If I was Amazon I'd be slinging Marco SDKs, hardware, whatever, to get a version of Instapaper running on the Kindle. Killer app.


Instapaper is pure liquid gold for the Kindle. Marco has definitely made the right choice to create a start-up based on it.

Right now I've got probably about a hundred articles on Instapaper, collected over the month or so I'm using it, but I haven't read any of them yet. My Kindle should arrive Monday and the first thing I'll do is read those articles on it.

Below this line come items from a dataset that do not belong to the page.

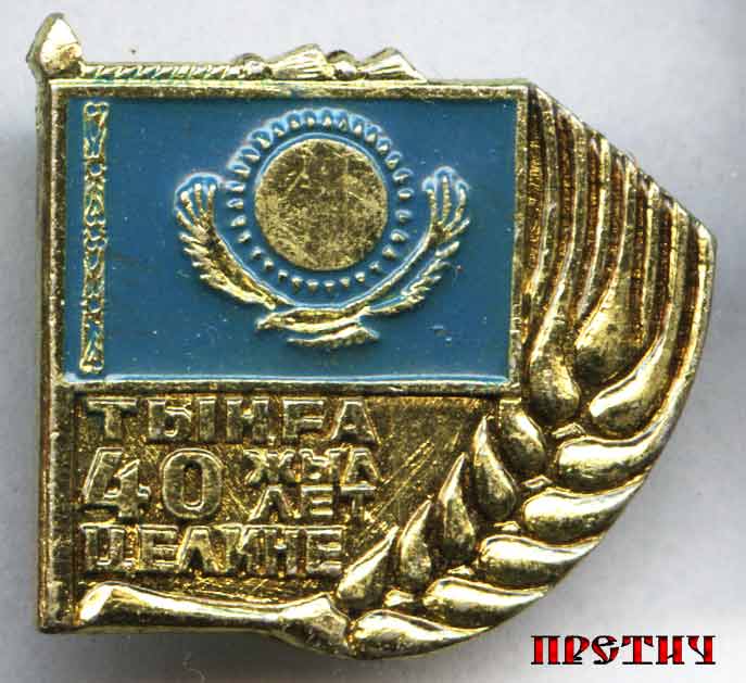 Памятный значок - 40 лет Целине - 40 жыл ТЫНFА, Республика Казахстан. На значке изображен современный флаг республики Казахстан, колос пшеницы
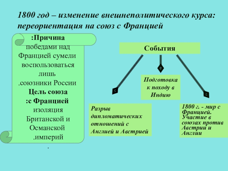 1800 год – изменение внешнеполитического курса: переориентация на союз с Францией
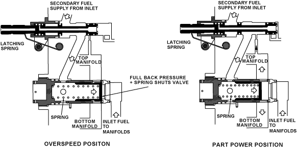 In the event of LP shaft breakage detection, the overspeed valve will open and latch, inlet fuel pressure will act on the rod side of the splitter valve. The spring and fuel pressure overcomes the inlet fuel pressure on the piston head and the valve closes.
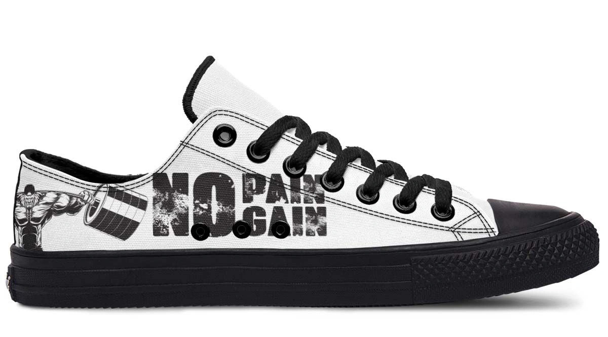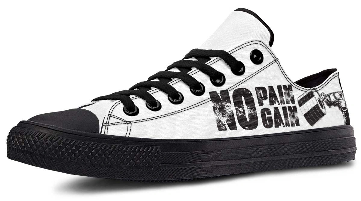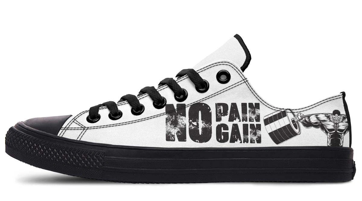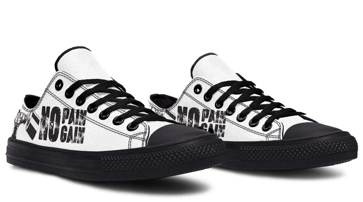 Elevate your footwear game with the “No Pain No Gain” White Black Lowtop Sneaker. Designed for both comfort and style, these sneakers feature a sleek white and black colorway, making them versatile for casual outings or workouts. The low-top design ensures ease of movement, while the durable construction promises long-lasting wear. Whether you’re hitting the gym or the streets, these sneakers are your go-to choice for a bold, fashionable statement. Step into confidence order yours
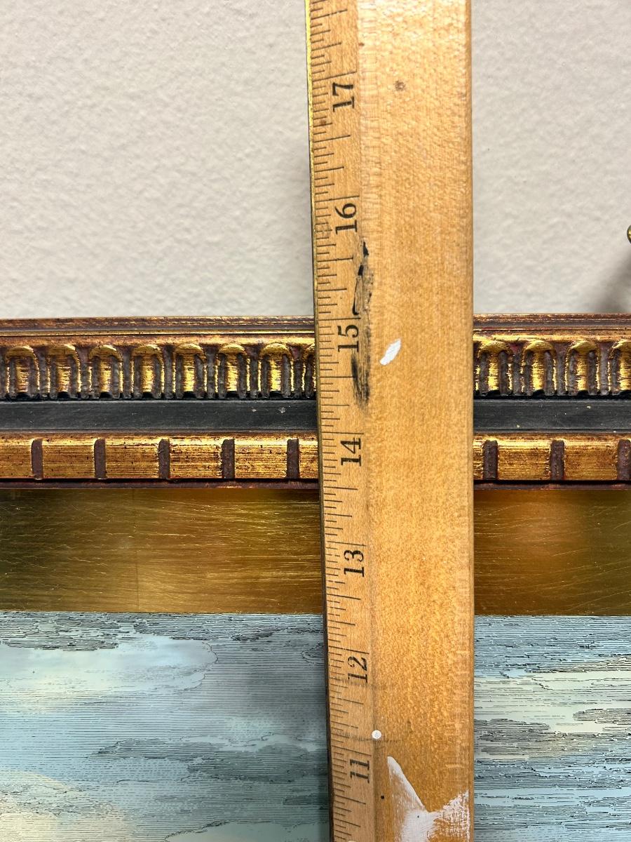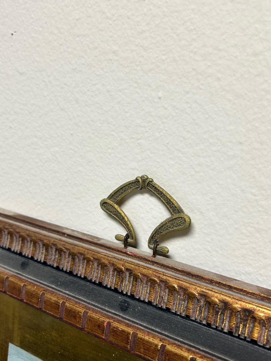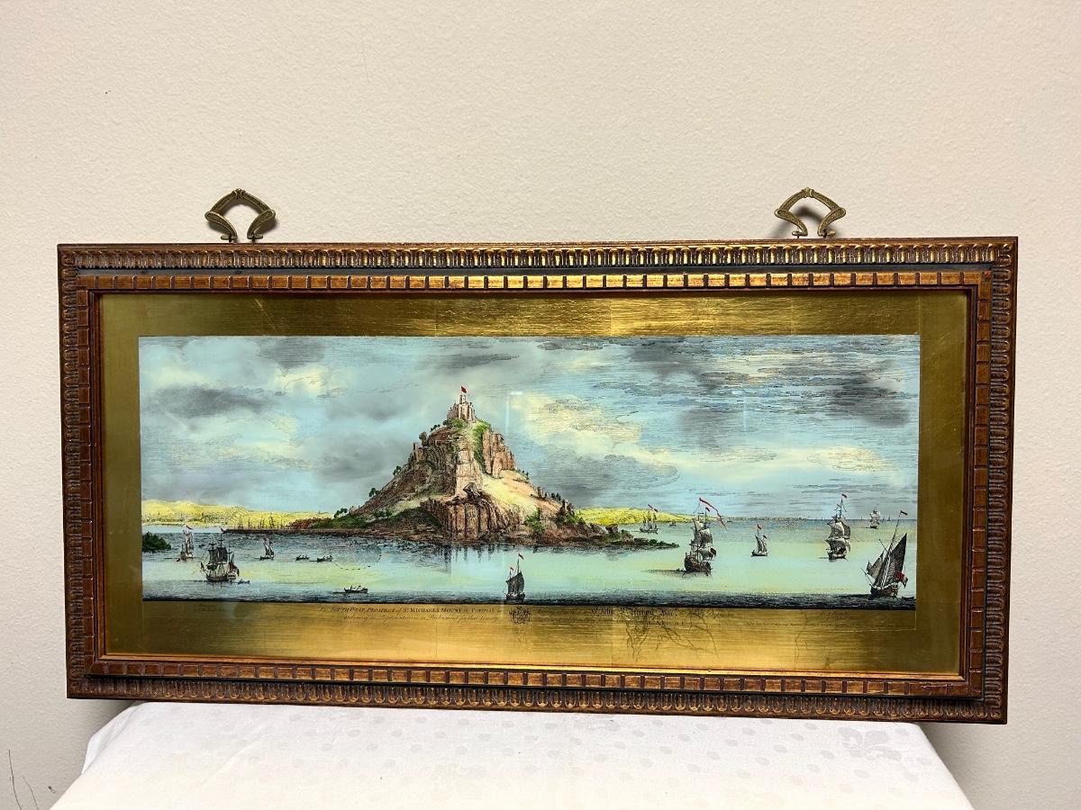 Antique Vintage Gold Gilt Edge Reverse Painted Colorized Etching St. Michael's Mount Cornwall. Beautifully done artwork. Looks to be reverse painted etching on the glass. Art is in very good condition but one hanging bracket needs to be fixed. Measures about 15"x30".
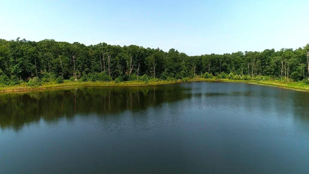 In the middle of the property there is a nice pond, stocked with fish, with a rustic cabin on the north shoreline. Not far from the pond, there is a large, stick frame, metal exterior shed to store equipment or overhead protection for cattle or horses.
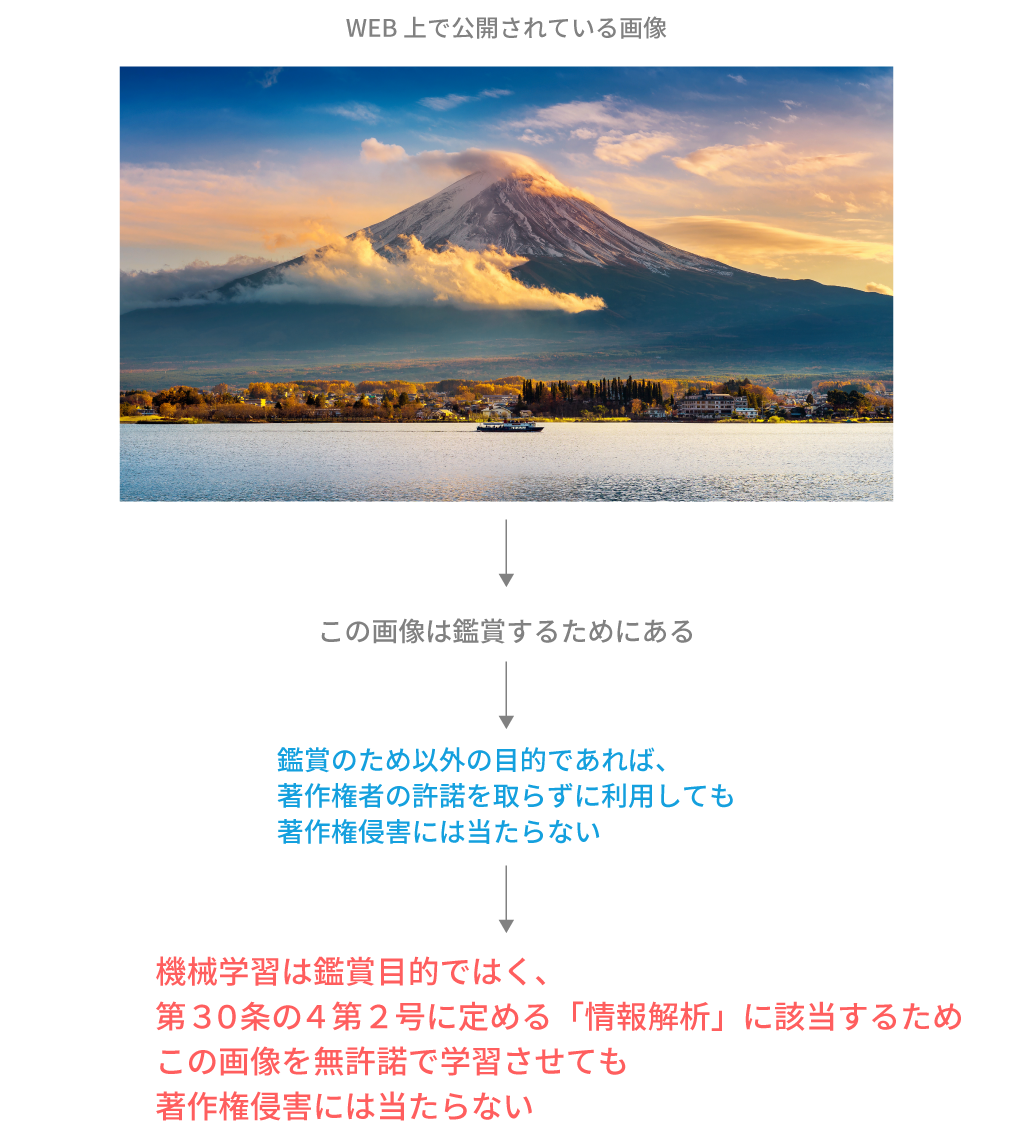 これが著作権法第三十条の四です。日本では機械学習への著作物の利用については基本的に無許諾でよい、という法律になっています。
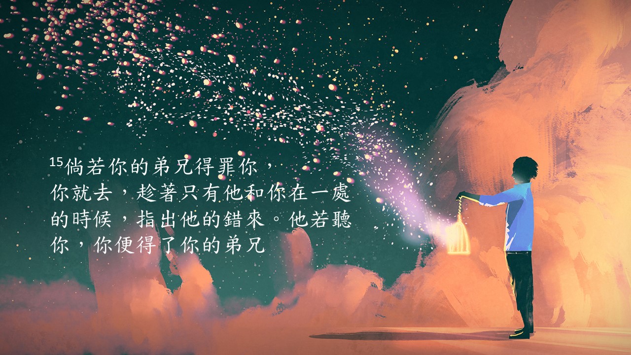“倘若你的弟兄得罪你,你就去,趁着只有他和你在一处的时候,指出他的错来。他若听你,你便得了你的弟兄;他若不听,你就另外带一两个人同去,要凭两三个人的口作见证,句句都可定准。若是不听他们,就告诉教会;若是不听教会,就看他像外邦人和税吏一样。”(太18:15-17)
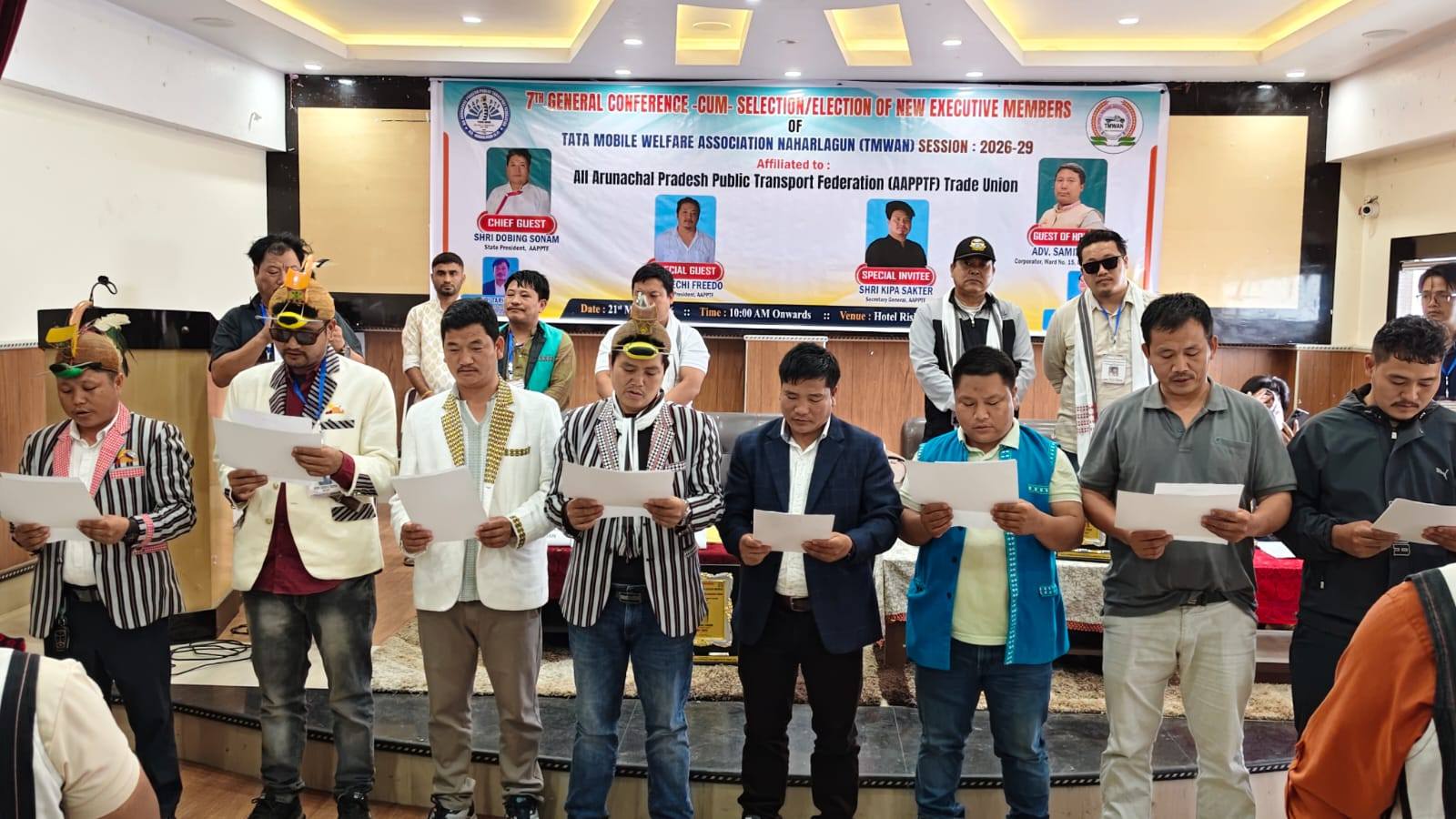Today, on 21st March 2026 at Hotel Rising Sun, Bara pani (Naharlagun), I had the honour to attend the 7th General Conference of Tata Mobile Welfare Association Naharlagun (TMWAN) as the Chief Guest in my capacity as State President of All Arunachal Pradesh Public Transport Federation (AAPPTF) Trade Union.I was accompanied by our respected team members – State Working President Shri Techi Freed, & Secretary General Shri Kipa Saktar, Vice Presidents Shri Toko Tadap and Shri Dabo Loda, along with leaders from various transport unions and associations across the Capital Complex and Papum Pare district.

One caveat - WhisperNet. Amazon aren't going to be keen on people buying Kindles, only to use their free cellular bandwidth to read blogs. Amazon have no interest in making hardware, it's just a means to an end, the end in question being the end of the publishing industry.



For those curious, I was able to find KDK documentation:

http://kdk-javadocs.s3.amazonaws.com/index.html


Does anyone know what CPU/clock speed the kindle 3 has? Can't seem to find it with google. Thanks!

I'm interested in the possibility of programming on the unit itself. The low-power consumption makes you less dependent on mains power.

EDIT according to http://www.mobileread.com/forums/showthread.php?t=95968, it's an iMX35 (ARM11-based) http://www.freescale.com/webapp/sps/site/overview.jsp?code=I... (probably iMX353 or iMX357: max speed... 532 MHz)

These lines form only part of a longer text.